# Goal of the exercise:
Scan the material below and copy every line holding the word "Metal".

# Dataset extract:
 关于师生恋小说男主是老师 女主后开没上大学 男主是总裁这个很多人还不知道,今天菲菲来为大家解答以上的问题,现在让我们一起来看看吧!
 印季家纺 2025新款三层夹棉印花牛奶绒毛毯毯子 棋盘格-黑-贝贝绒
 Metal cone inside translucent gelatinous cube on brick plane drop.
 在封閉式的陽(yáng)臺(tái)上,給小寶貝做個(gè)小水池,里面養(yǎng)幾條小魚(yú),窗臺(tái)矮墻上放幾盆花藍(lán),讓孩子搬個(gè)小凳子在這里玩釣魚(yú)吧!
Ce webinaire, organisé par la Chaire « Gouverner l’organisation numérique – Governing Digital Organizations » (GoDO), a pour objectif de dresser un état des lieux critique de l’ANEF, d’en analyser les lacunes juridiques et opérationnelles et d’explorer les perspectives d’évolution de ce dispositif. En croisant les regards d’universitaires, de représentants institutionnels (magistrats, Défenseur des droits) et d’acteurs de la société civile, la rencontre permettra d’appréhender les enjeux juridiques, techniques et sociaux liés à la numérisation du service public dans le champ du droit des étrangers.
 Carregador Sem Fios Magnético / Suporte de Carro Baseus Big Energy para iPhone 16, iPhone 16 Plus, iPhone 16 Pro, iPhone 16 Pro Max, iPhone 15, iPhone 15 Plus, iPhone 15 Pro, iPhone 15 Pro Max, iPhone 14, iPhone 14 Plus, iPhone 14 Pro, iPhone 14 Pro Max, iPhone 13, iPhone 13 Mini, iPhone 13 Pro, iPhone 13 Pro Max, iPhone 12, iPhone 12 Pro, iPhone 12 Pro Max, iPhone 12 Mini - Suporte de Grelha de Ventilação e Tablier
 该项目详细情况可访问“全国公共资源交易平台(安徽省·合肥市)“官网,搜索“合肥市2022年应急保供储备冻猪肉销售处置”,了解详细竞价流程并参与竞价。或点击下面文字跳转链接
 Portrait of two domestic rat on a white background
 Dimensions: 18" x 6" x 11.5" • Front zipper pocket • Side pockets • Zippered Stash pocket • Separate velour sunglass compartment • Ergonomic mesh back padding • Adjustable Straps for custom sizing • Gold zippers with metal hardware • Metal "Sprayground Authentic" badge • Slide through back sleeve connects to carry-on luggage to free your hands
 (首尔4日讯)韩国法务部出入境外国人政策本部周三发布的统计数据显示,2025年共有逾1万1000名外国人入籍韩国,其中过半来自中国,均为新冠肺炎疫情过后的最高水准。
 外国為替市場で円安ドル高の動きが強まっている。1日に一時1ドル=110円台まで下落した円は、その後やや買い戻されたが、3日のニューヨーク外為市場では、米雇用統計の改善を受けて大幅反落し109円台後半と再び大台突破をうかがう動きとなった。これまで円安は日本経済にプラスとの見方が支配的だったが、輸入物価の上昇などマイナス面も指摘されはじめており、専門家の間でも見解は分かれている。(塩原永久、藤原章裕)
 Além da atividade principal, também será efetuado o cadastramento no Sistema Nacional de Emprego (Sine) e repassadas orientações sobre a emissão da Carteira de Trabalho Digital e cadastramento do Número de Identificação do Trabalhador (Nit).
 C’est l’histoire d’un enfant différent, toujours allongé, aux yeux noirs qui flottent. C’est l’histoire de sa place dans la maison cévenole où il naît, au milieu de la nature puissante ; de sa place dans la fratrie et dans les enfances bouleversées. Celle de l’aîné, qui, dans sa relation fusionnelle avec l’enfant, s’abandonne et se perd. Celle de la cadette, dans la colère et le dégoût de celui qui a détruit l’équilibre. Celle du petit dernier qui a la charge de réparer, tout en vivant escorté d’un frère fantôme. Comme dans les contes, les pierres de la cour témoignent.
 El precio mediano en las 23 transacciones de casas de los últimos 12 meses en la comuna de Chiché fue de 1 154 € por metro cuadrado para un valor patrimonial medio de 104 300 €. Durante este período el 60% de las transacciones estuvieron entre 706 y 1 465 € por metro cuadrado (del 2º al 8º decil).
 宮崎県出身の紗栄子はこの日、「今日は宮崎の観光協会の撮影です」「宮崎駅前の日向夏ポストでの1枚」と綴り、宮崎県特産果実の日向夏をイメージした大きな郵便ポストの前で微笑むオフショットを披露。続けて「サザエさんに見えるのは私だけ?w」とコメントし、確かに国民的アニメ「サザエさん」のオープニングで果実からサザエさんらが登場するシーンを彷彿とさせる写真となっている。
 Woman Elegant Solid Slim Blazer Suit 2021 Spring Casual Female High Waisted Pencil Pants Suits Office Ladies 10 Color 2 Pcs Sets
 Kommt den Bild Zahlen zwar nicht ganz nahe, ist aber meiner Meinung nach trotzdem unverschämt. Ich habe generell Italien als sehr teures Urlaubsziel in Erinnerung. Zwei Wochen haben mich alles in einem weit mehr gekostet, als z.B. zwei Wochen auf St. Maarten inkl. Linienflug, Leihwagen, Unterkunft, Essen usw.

# Solution for this exercise:
 Metal cone inside translucent gelatinous cube on brick plane drop.
 Dimensions: 18" x 6" x 11.5" • Front zipper pocket • Side pockets • Zippered Stash pocket • Separate velour sunglass compartment • Ergonomic mesh back padding • Adjustable Straps for custom sizing • Gold zippers with metal hardware • Metal "Sprayground Authentic" badge • Slide through back sleeve connects to carry-on luggage to free your hands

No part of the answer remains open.